Posted to oak-dev@jackrabbit.apache.org by Bertrand Delacretaz <bd...@apache.org> on 2014/05/21 17:28:48 UTC

My repository is not indexing PDFs, what am I missing?

Hi,

I'm upgrading the OakSlingRepositoryManager used for Sling tests to
Oak 1.0, and it's not indexing PDFs anymore - it used to with oak 0.8.

After uploading a text file to /tmp, the
/jcr:root/foo//*[jcr:contains(.,'some word')] query finds it, but the
same doesn't work with a PDF.

My repository setup is in the OakSlingRepositoryManager [1] - am I
missing something in there?

-Bertrand

[1] https://svn.apache.org/repos/asf/sling/trunk/bundles/jcr/oak-server/src/main/java/org/apache/sling/oak/server/OakSlingRepositoryManager.java

Re: My repository is not indexing PDFs, what am I missing?

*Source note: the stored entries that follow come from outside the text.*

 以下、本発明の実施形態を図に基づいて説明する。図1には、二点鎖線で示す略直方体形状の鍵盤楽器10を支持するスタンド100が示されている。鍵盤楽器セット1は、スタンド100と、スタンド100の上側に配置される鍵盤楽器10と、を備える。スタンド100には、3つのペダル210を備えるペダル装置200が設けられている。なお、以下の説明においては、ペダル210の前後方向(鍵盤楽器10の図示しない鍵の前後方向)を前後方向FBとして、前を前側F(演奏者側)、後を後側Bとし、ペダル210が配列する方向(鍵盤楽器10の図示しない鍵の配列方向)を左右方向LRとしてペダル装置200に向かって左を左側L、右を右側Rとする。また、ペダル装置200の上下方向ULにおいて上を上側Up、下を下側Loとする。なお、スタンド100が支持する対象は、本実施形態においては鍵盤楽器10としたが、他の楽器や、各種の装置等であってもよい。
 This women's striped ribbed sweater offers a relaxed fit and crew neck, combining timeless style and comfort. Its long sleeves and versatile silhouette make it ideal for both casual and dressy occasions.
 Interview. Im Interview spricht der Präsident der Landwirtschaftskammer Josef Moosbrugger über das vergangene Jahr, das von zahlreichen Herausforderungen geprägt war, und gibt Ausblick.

Posted by Alex Parvulescu <al...@gmail.com>.

Hi Bertrand,

Don't you have to also add the tika dependencies (tika-core and
tika-parsers) to the pom xml?

best,
alex



On Wed, May 21, 2014 at 5:28 PM, Bertrand Delacretaz <bdelacretaz@apache.org
> wrote:

> Hi,
>
> I'm upgrading the OakSlingRepositoryManager used for Sling tests to
> Oak 1.0, and it's not indexing PDFs anymore - it used to with oak 0.8.
>
> After uploading a text file to /tmp, the
> /jcr:root/foo//*[jcr:contains(.,'some word')] query finds it, but the
> same doesn't work with a PDF.
>
> My repository setup is in the OakSlingRepositoryManager [1] - am I
> missing something in there?
>
> -Bertrand
>
> [1]
> https://svn.apache.org/repos/asf/sling/trunk/bundles/jcr/oak-server/src/main/java/org/apache/sling/oak/server/OakSlingRepositoryManager.java
>

Re: My repository is not indexing PDFs, what am I missing?

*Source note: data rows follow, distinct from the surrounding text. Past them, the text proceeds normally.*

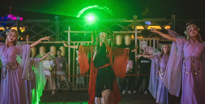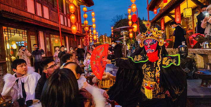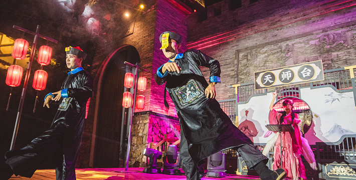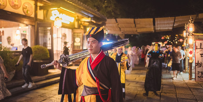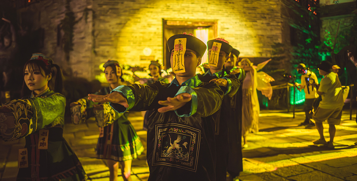 每天近30场流传千年的民俗演艺带你跨越时光,三兄妹天师台街头卖艺,民间艺人古戏台上演杂耍,武养馆内上演原创爆笑喜剧《嘻哈道》,为你讲述街舞少年拜师学艺,与师兄弟们一起守护宝藏,终学有所成、开悟成道的故事。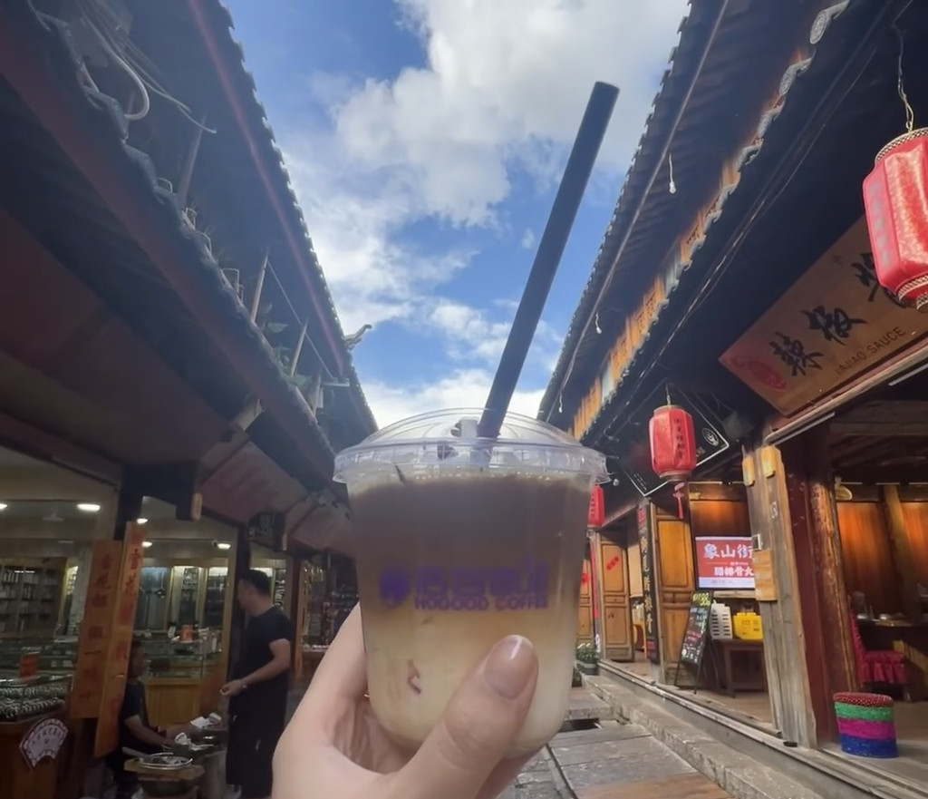 束河古镇北门不用买门票可以直接进点了一杯玫瑰拿铁云南小粒咖啡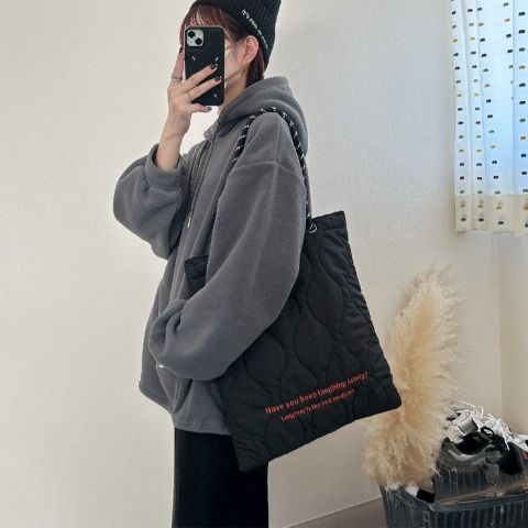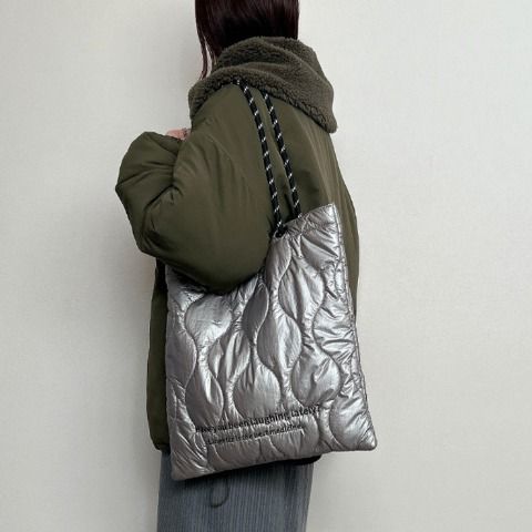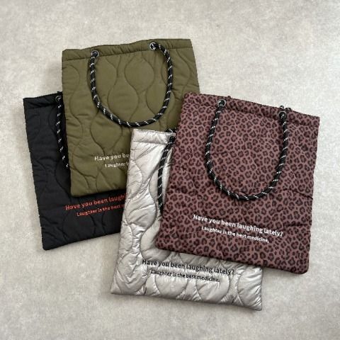 軽くて持ちやすい、ふんわりキルト素材のトートバッグ。

Posted by Bertrand Delacretaz <bd...@apache.org>.

Hi Chetan,

On Thu, May 22, 2014 at 6:52 AM, Chetan Mehrotra
<ch...@gmail.com> wrote:
> ...This might be due to OAK-1462. We had to disable the
> LuceneIndexProvider form getting registered as OSGi service...

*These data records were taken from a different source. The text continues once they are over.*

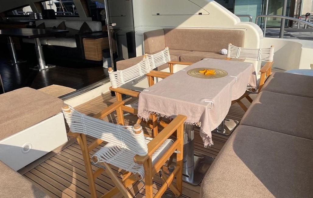 Devant l’entrée du salon principal, il y a des canapés d’angle des deux côtés avec deux tables et un canapé qui rejoint une grande terrasse le long de la poupe. Un escalier de chaque côté mène à la plate-forme de bain sur le pont inférieur. Des passerelles latérales mènent le long du pont principal jusqu’au pont avant, où se trouve un autre canapé en forme de C avec deux tables et de grandes chaises longues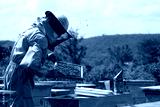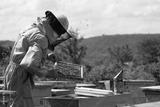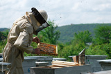 Beekeeper on apiary. Beekeeper is working with bees and beehives on the apiary.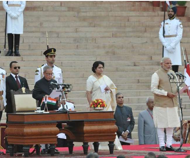 26 मई 2014 को उन्होंने पांचवीं बार शपथ ली। इस बार उन्होंने पहली बार प्रधानमंत्री पद की शपथ ली। 64 साल की आयु में नरेंद्र मोदी पहली बार प्रधानमंत्री बने थे। चुनाव परिणाम के 10 दिनों बाद शपथ ग्रहण की थी।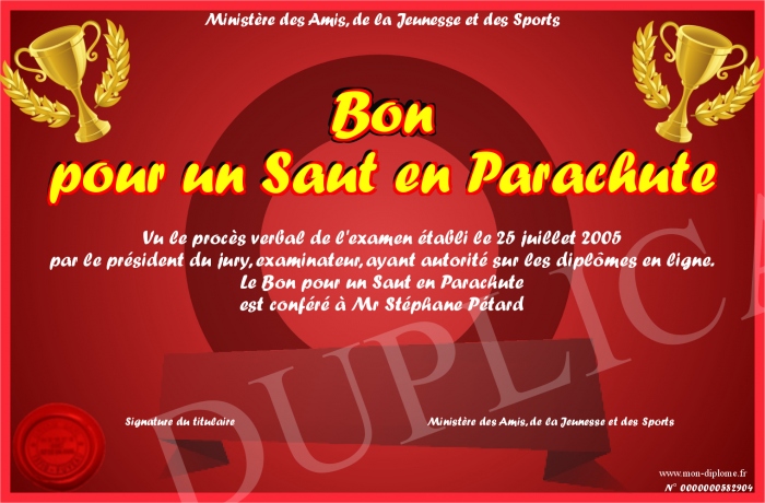 Envoyez par email votre Bon pour un Saut en Parachute personalisé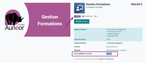 Attention à bien acheter la version du module correspondant à votre version Odoo.

Would that mean that the LuceneIndexEditor is still called, but the
result isn't used?

I'm asking because when adding a PDF, LuceneIndexEditor.addOrUpdate
does call context.getWriter().updateDocument with a Document that does
contain the PDF's full text in a field named :fulltext, so the text
extraction is working (thanks Alex for the tika-parsers hint).

But the query mentioned earlier in this thread still finds only .txt
documents, not .pdf.

Adding a .txt also causes LuceneIndexEditor.addOrUpdate to call
context.getWriter().updateDocument, but maybe the text is also indexed
in another way?

-Bertrand

Re: My repository is not indexing PDFs, what am I missing?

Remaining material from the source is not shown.